One sure bet at Arlington Park is its annual Fiesta in the Park.
Billed as the largest single-day suburban Latino festival outside Chicago (more than 12,000 attended in 2009) the event, held Sunday, offered live salsa music and dancers, along with Mariachi music, Ballet Folklorico dance, and, of course, the races themselves.
For soccer fans, the park even had a Jumbotron screen showing the World Cup match.
Fiesta in the Park provided racing fans to meet their favorite Latino jockeys, including Julio Felix.
"I think it's wonderful to give back to the fans," Felix said. "It's all about the fans. If it wasn't for the fans, we wouldn't have racing."
The event drew fans not only from the suburbs but also from Chicago. Pedro Astudillos brought his two children.
"It is very nice, beautiful, well located, not too far from Chicago," he said.
Two sisters, Gina Flanagan of Downers Grove and Kelly McKenna of Oak Brook, came to help their mom, Virginia Hall, celebrate her 65th birthday along with her six grandchildren.
Flanagan said her mom read about the event and insisted upon celebrating her birthday at Fiesta in the Park.

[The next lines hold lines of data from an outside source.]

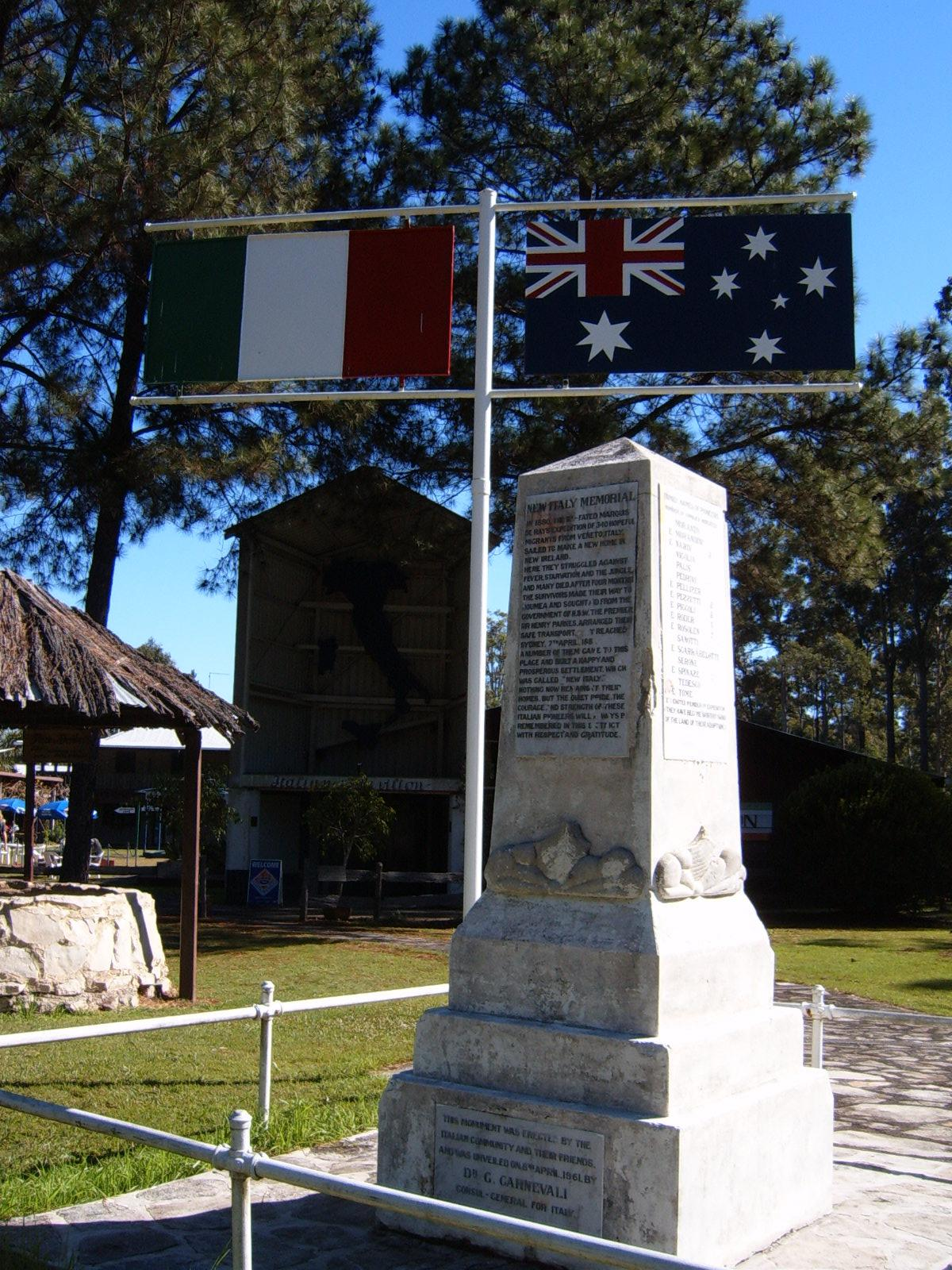 Memorial at New Italy, New South Wales, Australia. Erected 8 April 1961, Dr G. Carnevali, Consul-General for Italy. See Italian Australians#The Early Stage Family names listed on monument (number indicates number of families; E indicates membership of New Ireland expedition): Antonioli (2) E Batistuzzi E Bazzo E Bertoli (2) E Buoro E Gaminiti E Gapelin E Fava Feligietti Flatley Flett Gava (2) E Guariscin Marozin Martinuzzi E Mazzer E Mellare (2) E Morandi Morandini E Nardi Nicola Palis Pedrini Pellizer E Pezzuti (2) E Piggoli (2) E Roder (5) E Rosolen (3) E Sanotti Scarrabelotti E Serone Spinaze (3) E Tedesco Tome E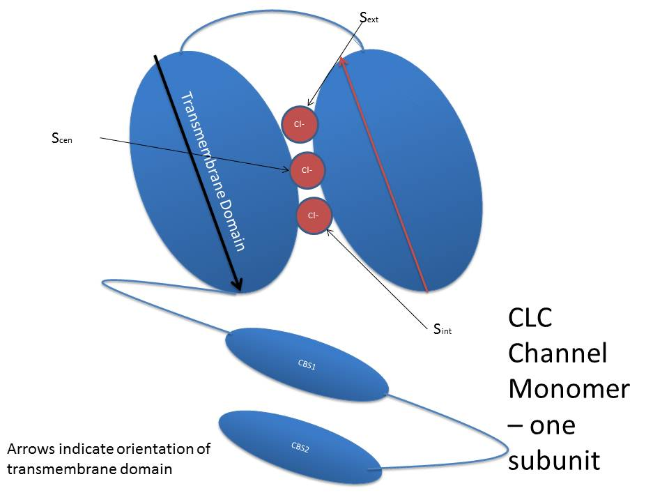 Cartoon schematic of one subunit of a CLC chloride channel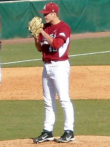 Jalen Beeks pitches for the Arkansas Razorbacks baseball team vs the Evansville Purple Aces in Baum Stadium, Fayetteville, Arkansas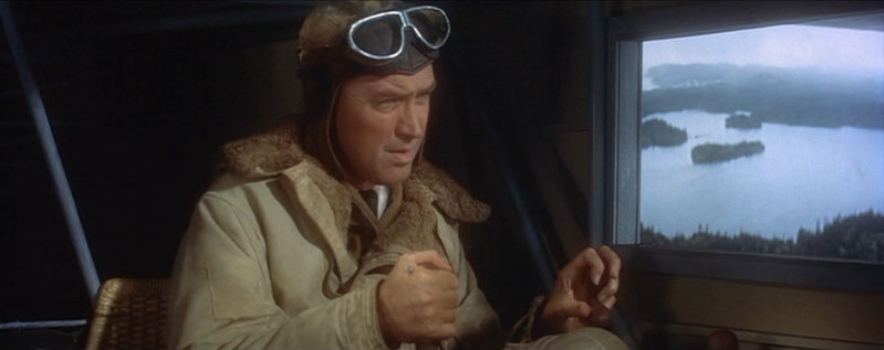 Cropped screenshot of the film The Spirit of St. Louis (1957).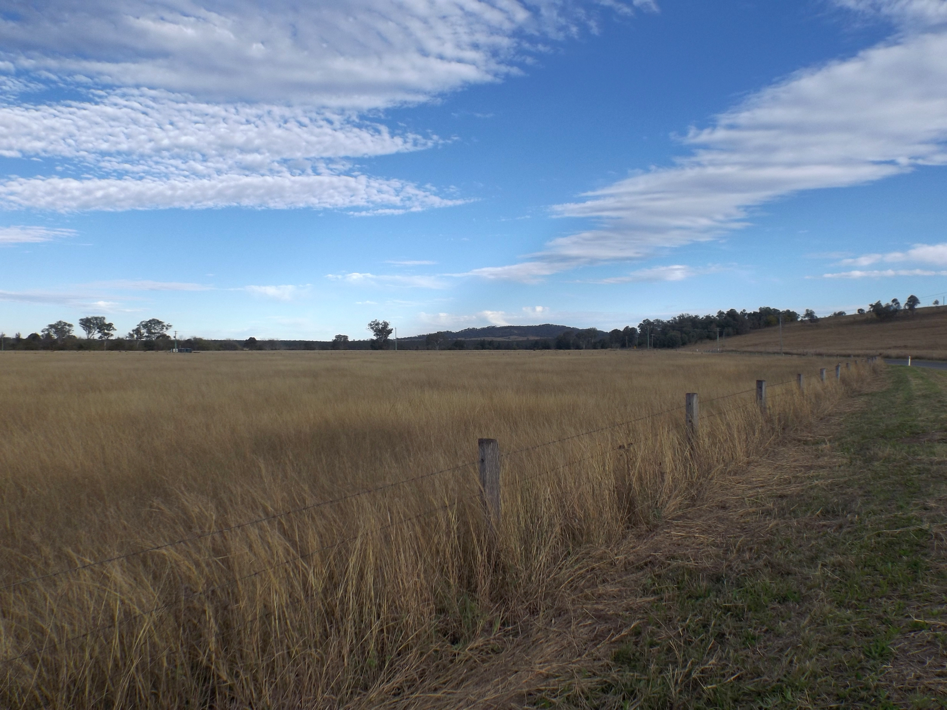 Photo of fields along Grandchester Mount Mort Road at Mount Mort, Ipswich, Queensland, Australia.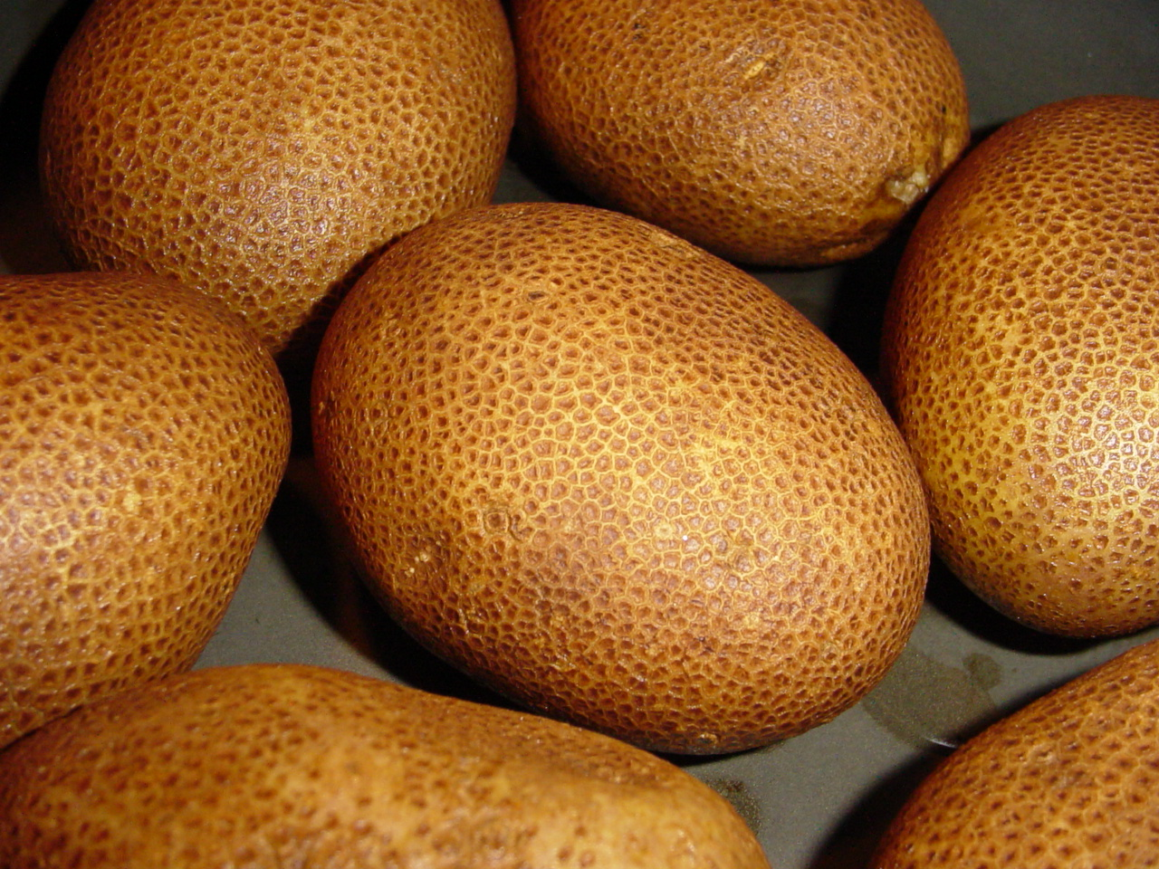 organic cultivated Russet Burbank potato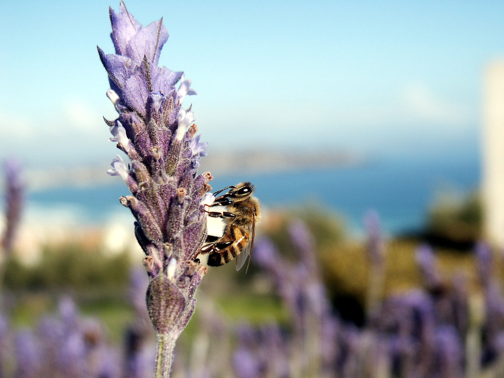 Killer Bee over Lavanda bush at Puerto Velero (Chile)

"I think it's wonderful that we're so multicultural and everyone (of all ethnicities) can come out and have a good time," she said.
"We think it's great," McKenna added. "We're just waiting for them to have an Italian day."
Ricardo Otero, otherwise known as El Gonzo, the radio personality from Mega 95.5 FM, was on hand to play music and mingle.
"There are a lot of Latin people around here (in the suburbs) That's why we are here," he said.
Two dance groups were prominently featured. One, Los Cinco Magnificos, is led by Karina Solis of Rolling Meadows.
"We usually focus on acrobatic dancing with Mexican regional music," she said. For the event, she said the group incorporated a little bit of break dancing.
Originally, Los Cinco Magnificos began with five couples - hence the name - but has since expanded.
Solis said she likes the Fiesta in the Park event.
"I think it's a great opportunity for different cultures to for other cultures to see the Hispanic heritage," she said.
The second group was the Ballet Folklorico, led by General Director Julian Hernandez of Elgin.
"I think it's very important for the Hispanic community to at least once a year to get out and forget about our differences. Even though we come from different parts of Latin America, (it is) one nation," he said.
The group sported colorful Jalisco costumes and played jarocho music from Vera Cruz, where "La Bamba" originated.
Roy Arnold, president of Arlington Park, said horse racing has a long tradition within Latin America.
"Fiesta was a way for us to make the track more accessible to the Hispanic community within Chicago, get them exposed to racing and let them see what a great family activity it is," he said. "A good number of our trainers are Hispanic and we're very proud of them and the contribution they make here to the program. It's an opportunity to highlight them as well."